M’zelle Emma

De Neuchâtel à l’Ajoie, au fond à gauche du Jura Suisse… Blog d’une presque trentenaire Suisse Romande

 

Le goût du bonheur…

71_le_got_du_bonheur_gabrielle_marie_lab.jpg72_le_got_du_bonheur_adlade_marie_laberg.jpg73_le_got_du_bonheur_florent_marie_laber.jpg

A voir la couverture de ces romans et leurs titre on aurait vite fait de penser que voici encore une trilogie un peu nieuseuse style Barbara Cartland ou encore Daniel Steel.
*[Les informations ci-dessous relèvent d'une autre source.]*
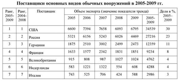 According to this table, arms exporters (excluding Russia) - the United States, France, Germany, the United Kingdom, the Netherlands, Italy and Spain - control over 60% of the world exports of armaments and military hardware and actually impose their rules of the game and security conditions[20]. Obviously, the United States and its allies - Germany, France and the United Kingdom - dominate the market of precision weapons. Russia, a leading exporter, has a small share on the precision weaponry market.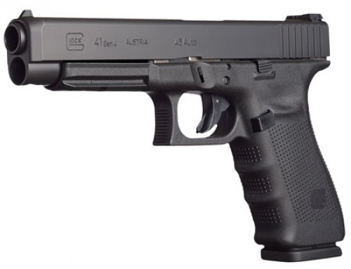 The GLOCK G41 G4 is a full-size pistol chambered in .45ACP. It features a 5.31-inch barrel and a 13+1 capacity. The G41 G4 is designed for competition and law enforcement use, with a polymer frame and a safe action trigger system. It is also equipped with adjustable rear sights and a reversible magazine catch.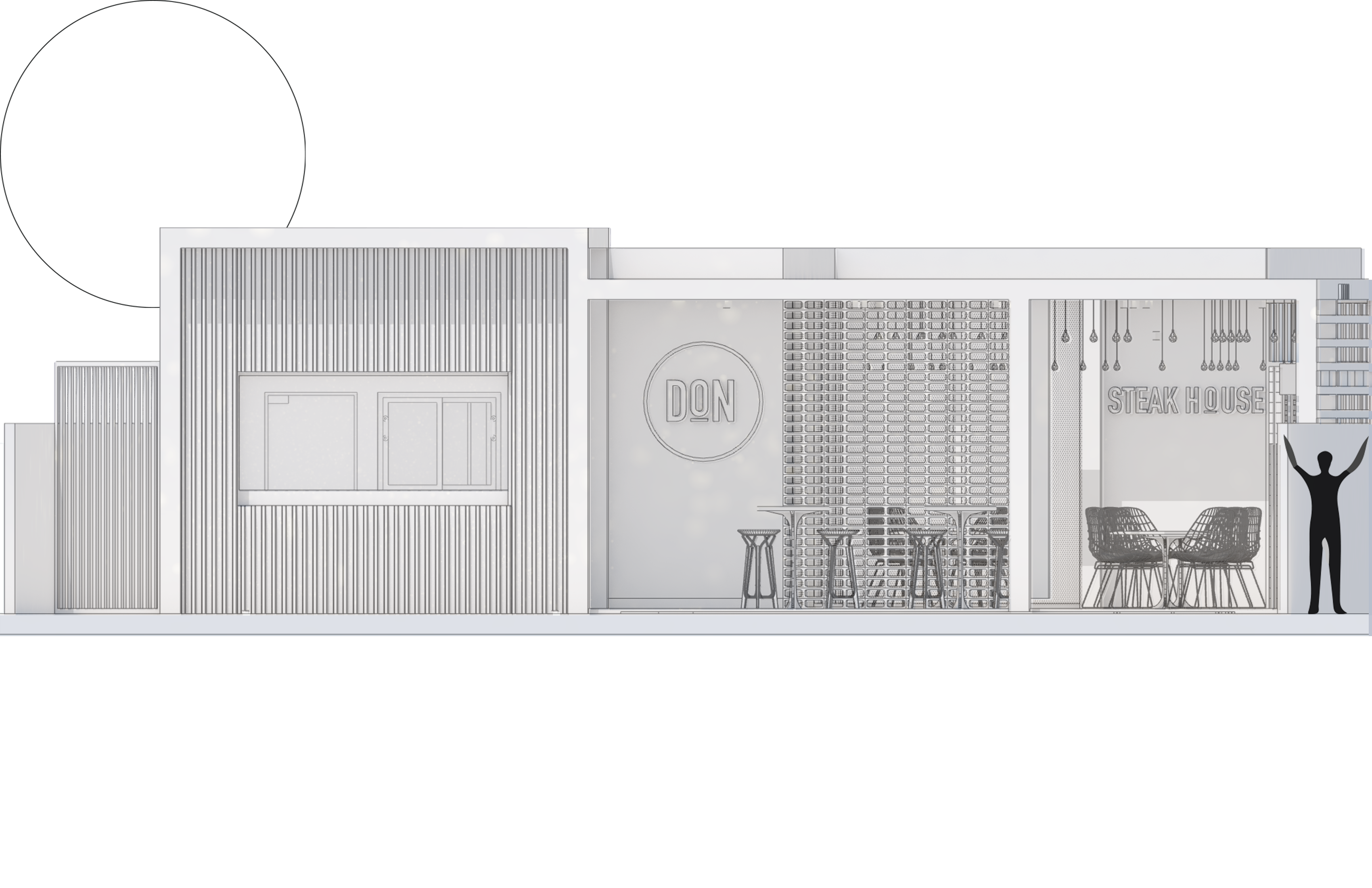 Consiste en la concepción del interiorismo comercial para el desarrollo de la marca Don, restaurante enfocado a la carne a la parrilla.
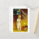 Vintage Halloween greeting card illustration showing a Victorian child frightened by a black cat at the window.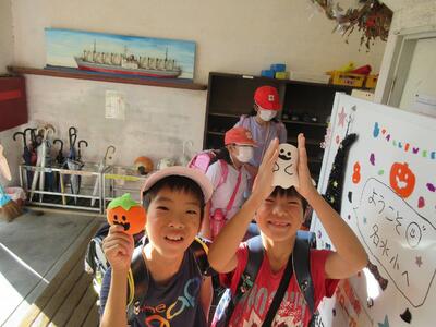 玄関がハロウィン仕様に♡ 子どもたちが大喜びしていました。
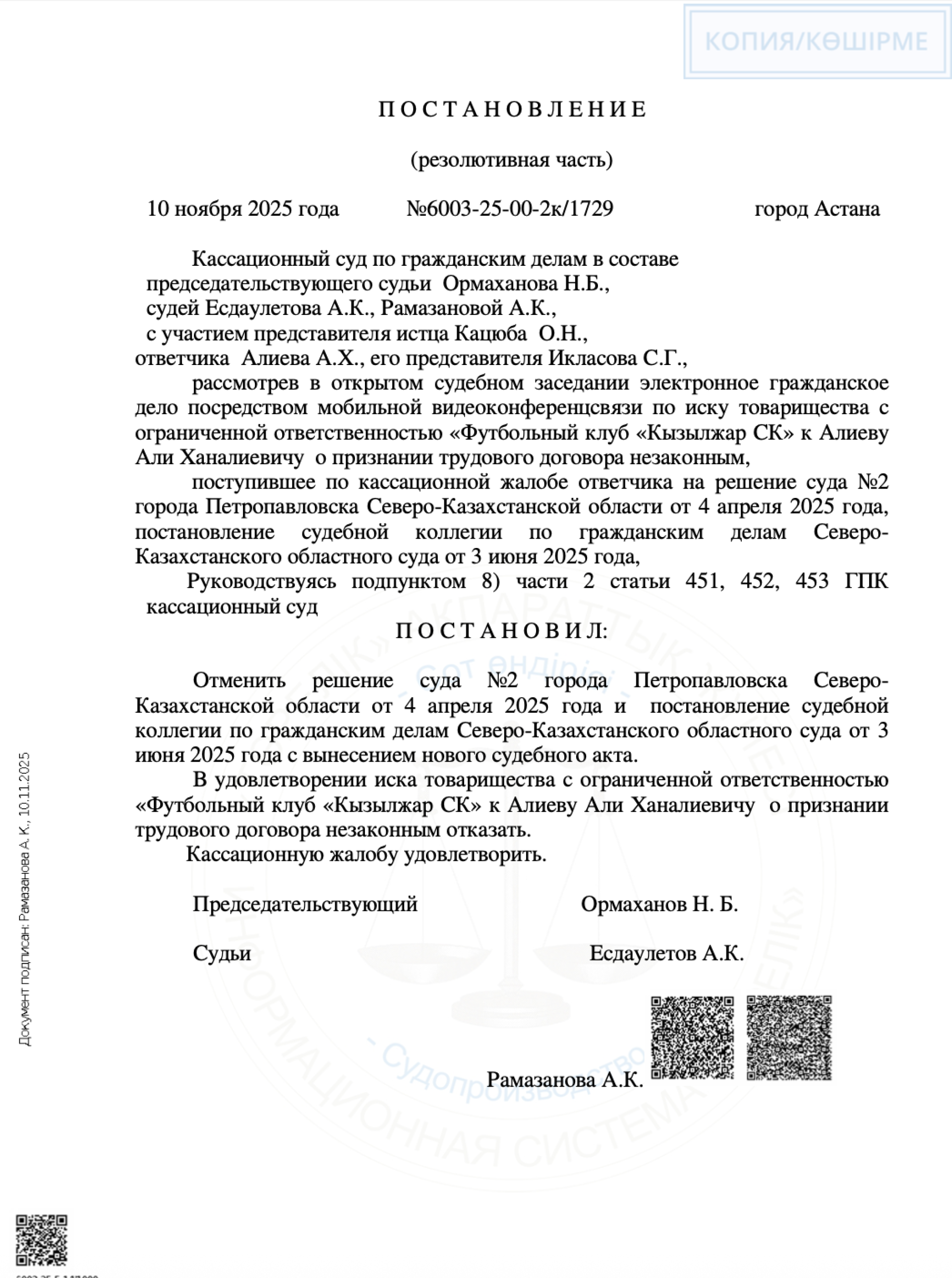 Кассационный суд признал правоту одного из тренеров сборной Казахстана по футболу Али Алиева в споре с футбольным клубом "Кызылжар" из Петропавловска, передаёт Tengri Sport.

Mais queneni ! L’aventure dans laquelle j’ai plongé grâce à Marie Laberge avec cette trilogie  n’est pas cousu de fils d’or et rose bonbons et m’a vraiment boulversé !
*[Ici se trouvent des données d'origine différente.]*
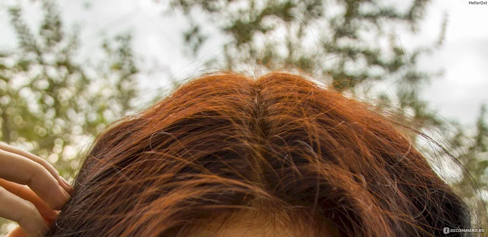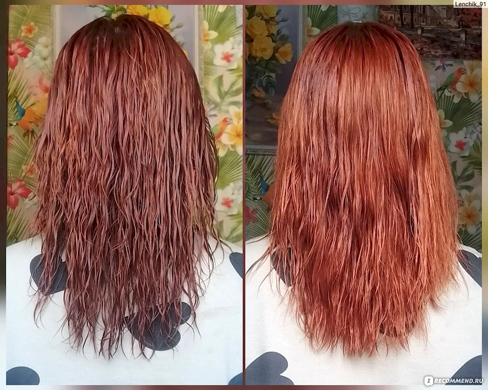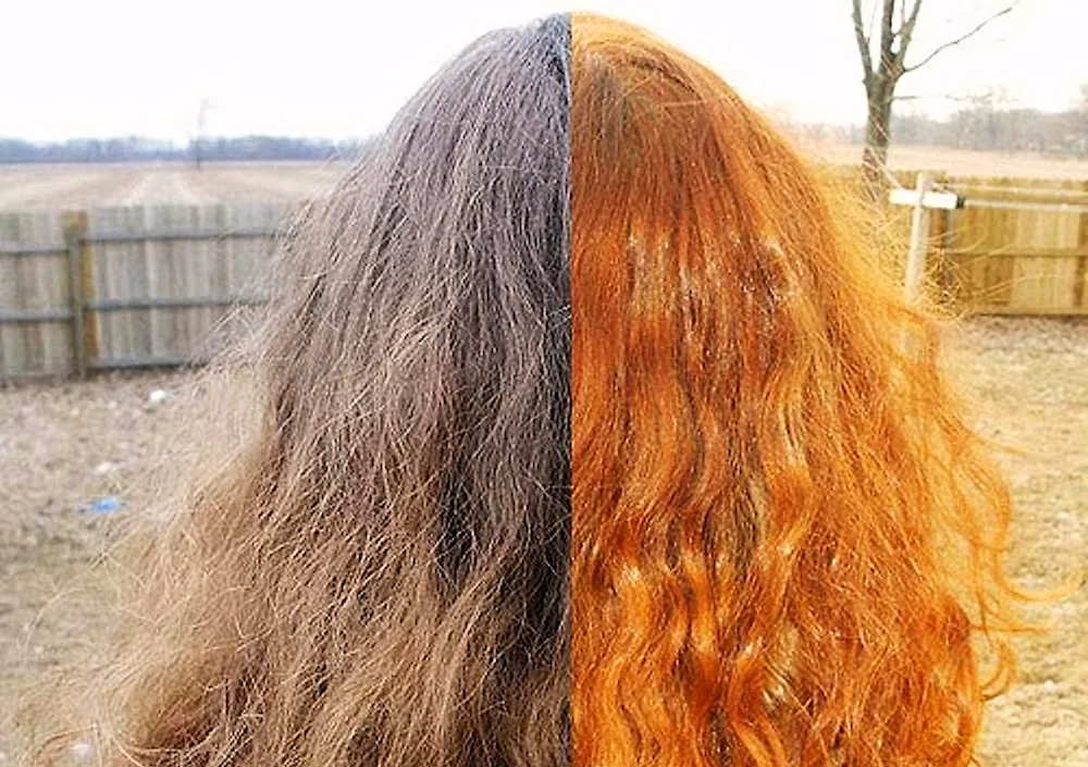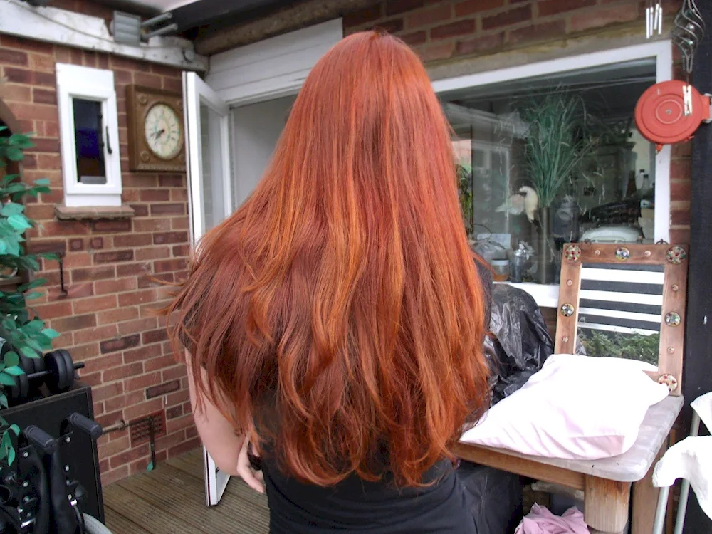 Red henna on dark blond hair Photos of vibrant red henna dye applied on dark blonde hair, showcasing the beautiful contrast and rich color payoff. You can see the stunning transformation from the natural lightness of the hair to the bold and striking red hues of the henna dye.

Le contexte historique très fort est ralaté avec richesses, force et détails : entre Québec et Montréal de 1930 à 1960, ou se croise la depression dû au crash boursier, le dénigrement des canadiens français, l’approche de la guerre, puis son arrivée et l’enrolement forcé des Québécquois,  l’église catholique et son emprise sur la société déjà si stricte et bien pensante.
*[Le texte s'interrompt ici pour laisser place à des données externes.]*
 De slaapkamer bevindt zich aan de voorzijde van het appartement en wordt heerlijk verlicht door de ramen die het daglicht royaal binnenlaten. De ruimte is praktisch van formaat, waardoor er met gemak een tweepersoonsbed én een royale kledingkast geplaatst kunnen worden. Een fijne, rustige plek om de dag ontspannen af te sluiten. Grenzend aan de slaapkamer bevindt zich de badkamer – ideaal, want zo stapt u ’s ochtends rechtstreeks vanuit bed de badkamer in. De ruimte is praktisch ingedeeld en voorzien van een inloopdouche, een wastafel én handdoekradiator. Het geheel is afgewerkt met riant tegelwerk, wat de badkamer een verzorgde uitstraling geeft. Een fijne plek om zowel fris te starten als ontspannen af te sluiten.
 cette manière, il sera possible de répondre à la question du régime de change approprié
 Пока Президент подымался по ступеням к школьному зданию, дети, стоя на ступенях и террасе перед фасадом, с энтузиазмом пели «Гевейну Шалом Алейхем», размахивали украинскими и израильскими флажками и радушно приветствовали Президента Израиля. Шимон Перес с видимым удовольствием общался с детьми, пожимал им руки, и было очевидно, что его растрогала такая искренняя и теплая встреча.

Si dans les premières pages j’ai eu un peu de mal à me glisser au milieu de cette famille haute en couleur, la pléthore de personnages au fur et à mesure que les pages défilaient m’ont totalement conquise !

Si je tentais de faire un résumé (que de toute façon vous pouvez trouver facilement sur le net et par exemple chez www.payot.fr), je dévoilerais forcément une parties des mystère qui donne le goût de toujours lire plus, de dévorer les volumes suivant et je trouverais cela très frustrant. (D’ailleurs j’en ai fait l’expérience en lisant le résumé du volume deux avant de lire entièrement le Tome 1) Donc bref pas vraiment de résumé mais plutôt un petit bilan des personnages, des émotions…

J’ai découvert ces livres en passant chez mon libraire, c’était un de leur coup de coeur et franchement en voyant le titre, j’ai vraiment pensé au truc nianan comme je l’ai écrit précédament…. mais par acquis de conscience j’ai demandé au libraire ce qu’il en pensait… Résultat ils se sont mis à trois pour me chanter les louanges de ces livres ! Je ne pouvais résisté et je me suis donc plongé dans cette univers du canada français que je ne connaissais pas du tout. Au début c’est un peu perturbant, parce que la famille Miller ne s’arrête pas aux 5 enfants et au couple, mais aux tantes, beaux frères, amis proches, etc et cela en fait du monde ! Mais les évènement sont si bien ammené, présenté, qu’au final on se coule étonnament bien dans l’histoire, aussi bien que si l’on était un membre de cette famille invisible et muet, mais un spectateur bien présent. J’ai apprécié la richesse des détails historique qui exprime bien le contexte de cette époque et qui nous fait mieux comprendre l’agissement et les sentiments profonds de ces héros. Et on les aime d’autant plus qu’ils ne sont pas parfaits, qu’ils ont leurs défaut et faiblesses que la vie parfois est douce pour eux et vire du jour au lendemain plutôt cruellement.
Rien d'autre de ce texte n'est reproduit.